§ PROBLEM TO WORK ON
Nothing outside the stretch is wanted. Repeat exactly the lines of the listing below from the one that contains "Część górna do" through the one that contains "河南1胜1负积2分 排第三,天津女排0胜2负积1分排第四。 这是回到同一起跑线吗?这脑子?[笑哭][笑哭]", both ends included.

§ DATA FOR THE TASK
»»
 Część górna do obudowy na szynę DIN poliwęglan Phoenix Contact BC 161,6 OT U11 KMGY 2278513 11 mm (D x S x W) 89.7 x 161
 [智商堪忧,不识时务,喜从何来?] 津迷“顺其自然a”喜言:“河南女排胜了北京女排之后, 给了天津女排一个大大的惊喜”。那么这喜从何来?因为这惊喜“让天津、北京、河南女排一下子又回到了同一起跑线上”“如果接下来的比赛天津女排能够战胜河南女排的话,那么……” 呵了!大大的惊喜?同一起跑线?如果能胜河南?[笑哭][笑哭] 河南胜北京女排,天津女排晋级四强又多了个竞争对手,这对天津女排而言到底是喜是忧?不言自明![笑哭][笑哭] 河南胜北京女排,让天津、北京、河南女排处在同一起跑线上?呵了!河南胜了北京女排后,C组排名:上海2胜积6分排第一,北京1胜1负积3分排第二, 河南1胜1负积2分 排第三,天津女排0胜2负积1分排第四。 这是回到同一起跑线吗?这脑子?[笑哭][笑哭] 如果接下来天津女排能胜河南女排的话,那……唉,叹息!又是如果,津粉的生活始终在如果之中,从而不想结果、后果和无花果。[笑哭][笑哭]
««
»»
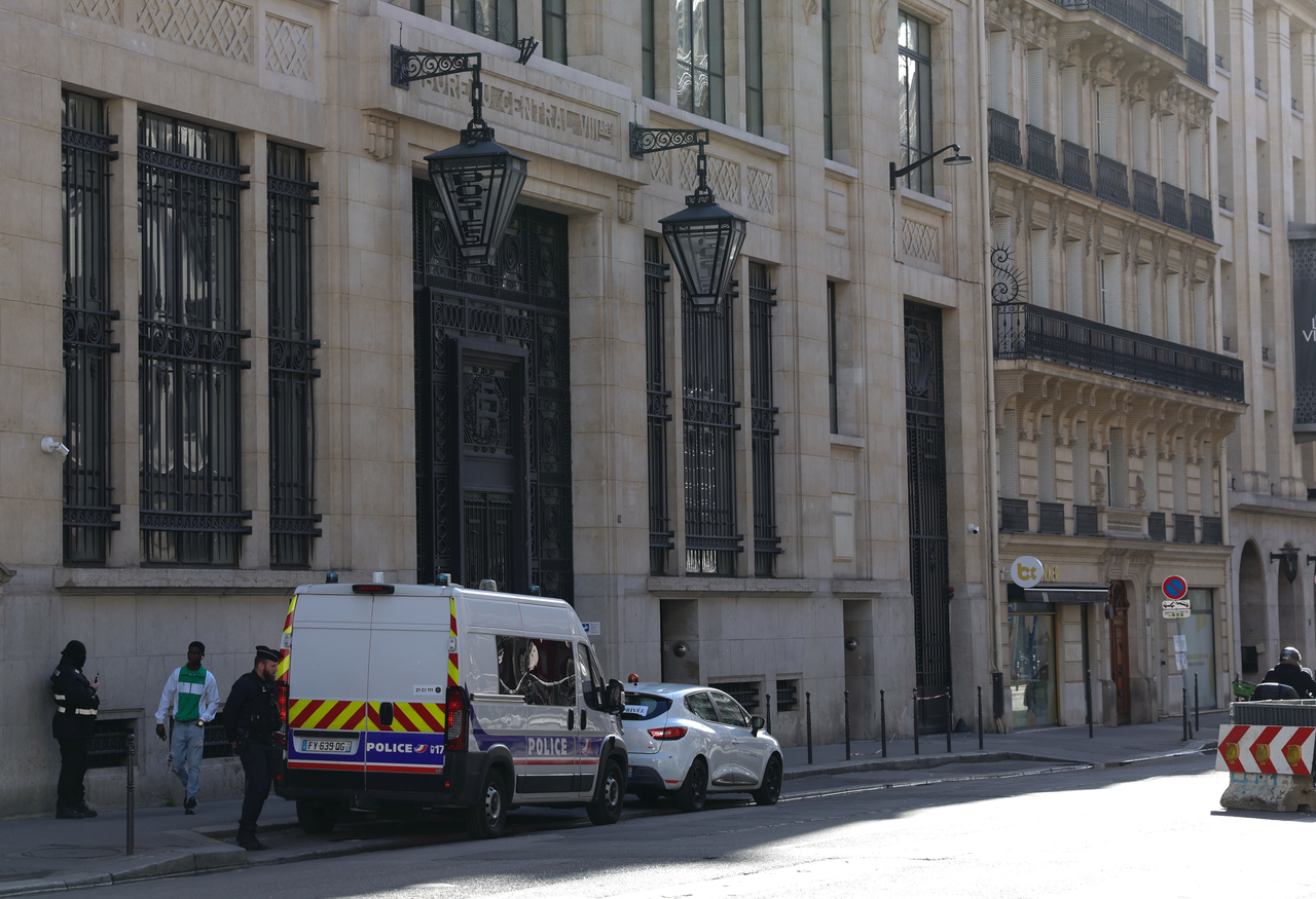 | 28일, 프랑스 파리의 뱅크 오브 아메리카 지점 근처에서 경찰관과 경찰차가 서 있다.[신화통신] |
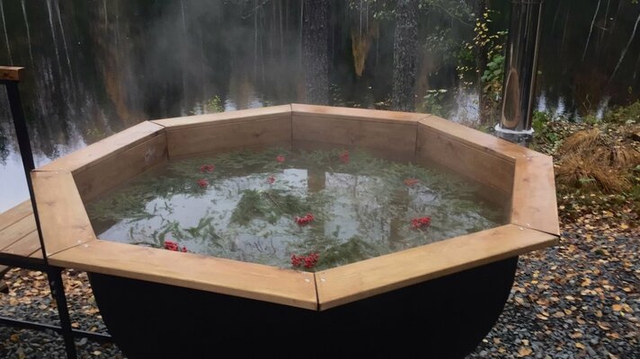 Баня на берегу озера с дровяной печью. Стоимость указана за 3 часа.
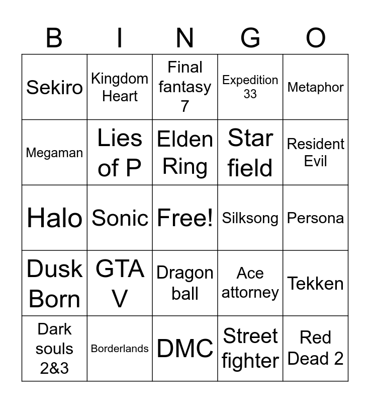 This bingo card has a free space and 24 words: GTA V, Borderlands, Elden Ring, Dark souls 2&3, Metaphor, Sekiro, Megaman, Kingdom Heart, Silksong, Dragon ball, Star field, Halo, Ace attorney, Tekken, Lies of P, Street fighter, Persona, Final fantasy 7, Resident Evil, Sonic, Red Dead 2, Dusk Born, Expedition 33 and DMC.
««
§ EXPECTED ANSWER
 Część górna do obudowy na szynę DIN poliwęglan Phoenix Contact BC 161,6 OT U11 KMGY 2278513 11 mm (D x S x W) 89.7 x 161
 [智商堪忧,不识时务,喜从何来?] 津迷“顺其自然a”喜言:“河南女排胜了北京女排之后, 给了天津女排一个大大的惊喜”。那么这喜从何来?因为这惊喜“让天津、北京、河南女排一下子又回到了同一起跑线上”“如果接下来的比赛天津女排能够战胜河南女排的话,那么……” 呵了!大大的惊喜?同一起跑线?如果能胜河南?[笑哭][笑哭] 河南胜北京女排,天津女排晋级四强又多了个竞争对手,这对天津女排而言到底是喜是忧?不言自明![笑哭][笑哭] 河南胜北京女排,让天津、北京、河南女排处在同一起跑线上?呵了!河南胜了北京女排后,C组排名:上海2胜积6分排第一,北京1胜1负积3分排第二, 河南1胜1负积2分 排第三,天津女排0胜2负积1分排第四。 这是回到同一起跑线吗?这脑子?[笑哭][笑哭] 如果接下来天津女排能胜河南女排的话,那……唉,叹息!又是如果,津粉的生活始终在如果之中,从而不想结果、后果和无花果。[笑哭][笑哭]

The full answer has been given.